*ACTIVITY*: Output only the lines below from the one holding "復古小香針織衫修身顯瘦打底衫長袖套頭拼色短款高腰毛衣女秋上衣" down to the one holding "Лицевая сторона - два", both end lines included and every picture dropped.

*TASK DATA*:

☆ ☆ ☆ ☆ ☆ ☆ ☆

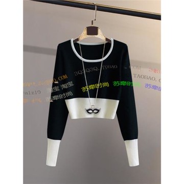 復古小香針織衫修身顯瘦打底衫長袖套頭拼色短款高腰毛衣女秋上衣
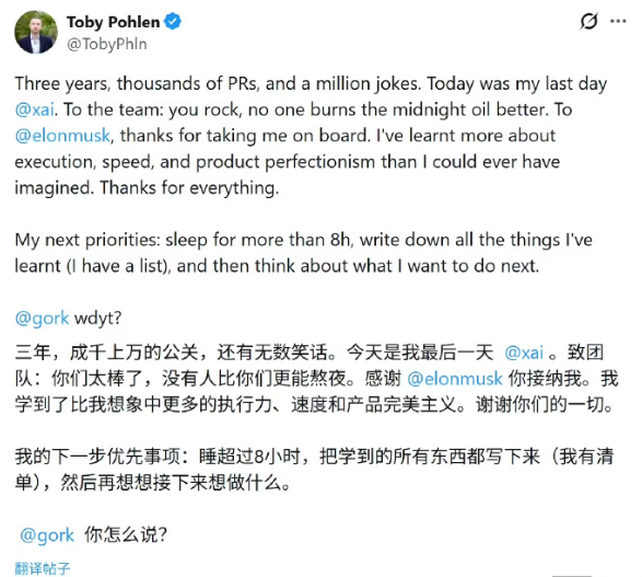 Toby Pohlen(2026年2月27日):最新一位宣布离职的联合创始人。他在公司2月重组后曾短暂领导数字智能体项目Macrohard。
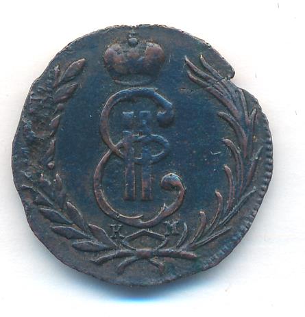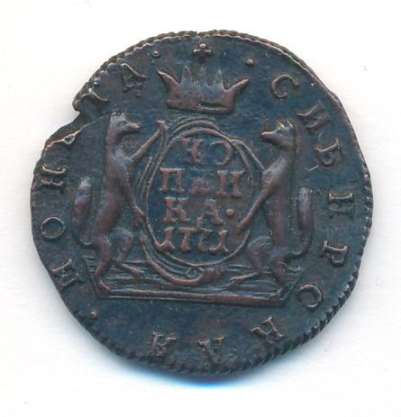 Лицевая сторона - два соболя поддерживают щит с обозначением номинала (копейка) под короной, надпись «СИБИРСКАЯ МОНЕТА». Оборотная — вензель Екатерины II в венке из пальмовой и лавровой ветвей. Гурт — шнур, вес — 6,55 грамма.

☆ ☆ ☆ ☆ ☆ ☆ ☆

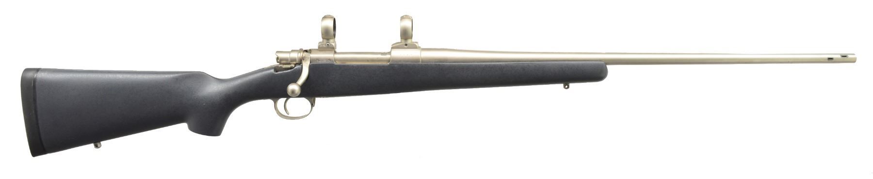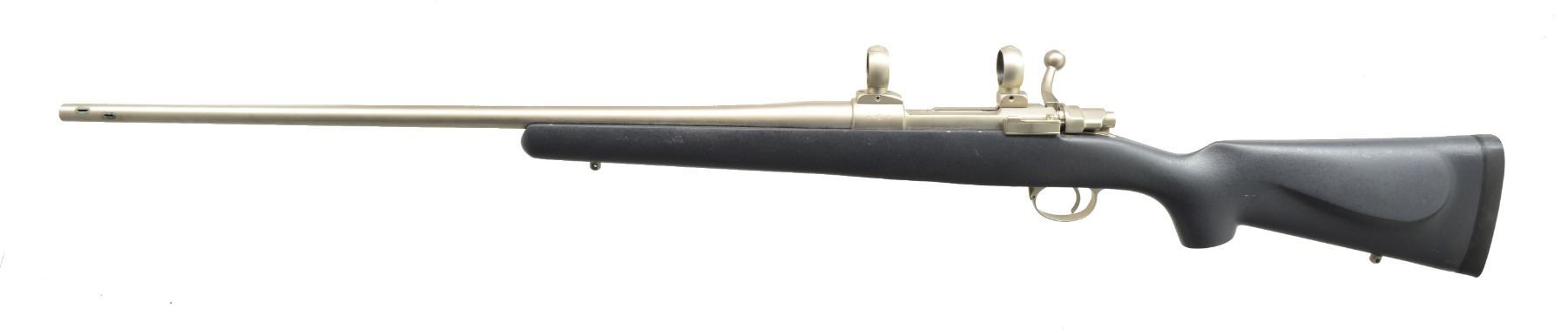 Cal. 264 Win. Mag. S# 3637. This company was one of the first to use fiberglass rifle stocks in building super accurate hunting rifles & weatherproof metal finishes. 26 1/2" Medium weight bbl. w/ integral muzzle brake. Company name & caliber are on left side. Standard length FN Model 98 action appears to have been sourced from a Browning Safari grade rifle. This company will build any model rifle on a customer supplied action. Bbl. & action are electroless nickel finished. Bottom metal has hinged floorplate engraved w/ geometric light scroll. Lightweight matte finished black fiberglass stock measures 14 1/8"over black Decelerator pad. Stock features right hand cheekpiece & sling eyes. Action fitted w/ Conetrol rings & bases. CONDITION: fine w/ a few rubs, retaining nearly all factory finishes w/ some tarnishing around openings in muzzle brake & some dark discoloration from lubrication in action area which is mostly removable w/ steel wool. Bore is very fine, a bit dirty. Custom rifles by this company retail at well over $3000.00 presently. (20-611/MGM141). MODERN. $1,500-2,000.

☆ ☆ ☆ ☆ ☆ ☆ ☆

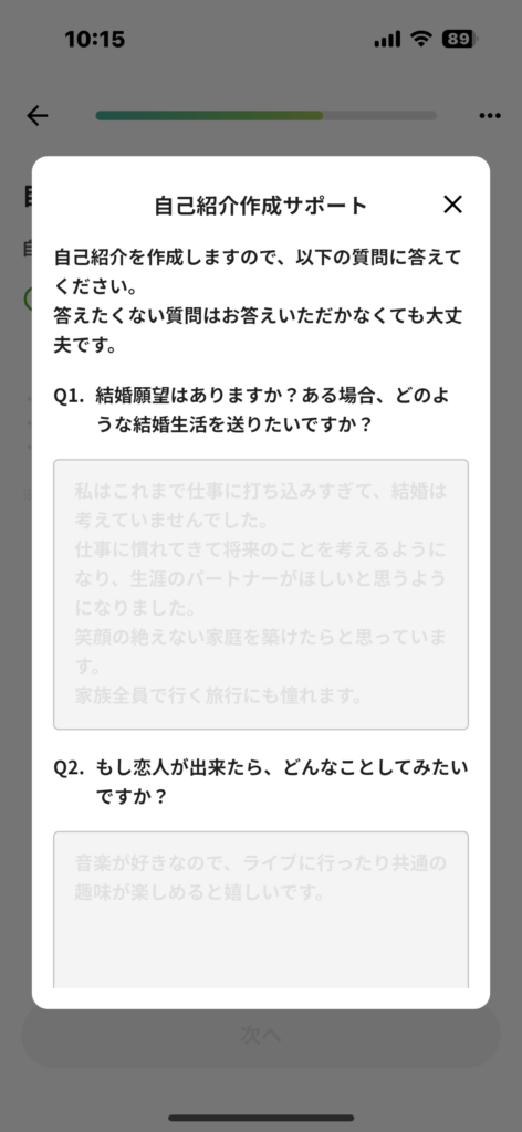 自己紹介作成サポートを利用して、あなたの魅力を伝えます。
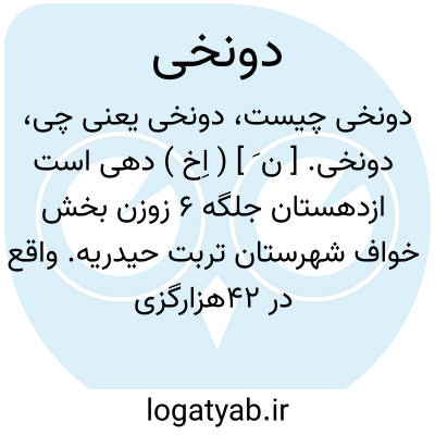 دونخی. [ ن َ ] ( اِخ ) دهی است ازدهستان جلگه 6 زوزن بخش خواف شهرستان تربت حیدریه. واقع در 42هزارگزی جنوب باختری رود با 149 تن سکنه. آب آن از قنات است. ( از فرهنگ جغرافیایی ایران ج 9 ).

☆ ☆ ☆ ☆ ☆ ☆ ☆

*REPLY TO THE TASK*:
 復古小香針織衫修身顯瘦打底衫長袖套頭拼色短款高腰毛衣女秋上衣
 Toby Pohlen(2026年2月27日):最新一位宣布离职的联合创始人。他在公司2月重组后曾短暂领导数字智能体项目Macrohard。
 Лицевая сторона - два соболя поддерживают щит с обозначением номинала (копейка) под короной, надпись «СИБИРСКАЯ МОНЕТА». Оборотная — вензель Екатерины II в венке из пальмовой и лавровой ветвей. Гурт — шнур, вес — 6,55 грамма.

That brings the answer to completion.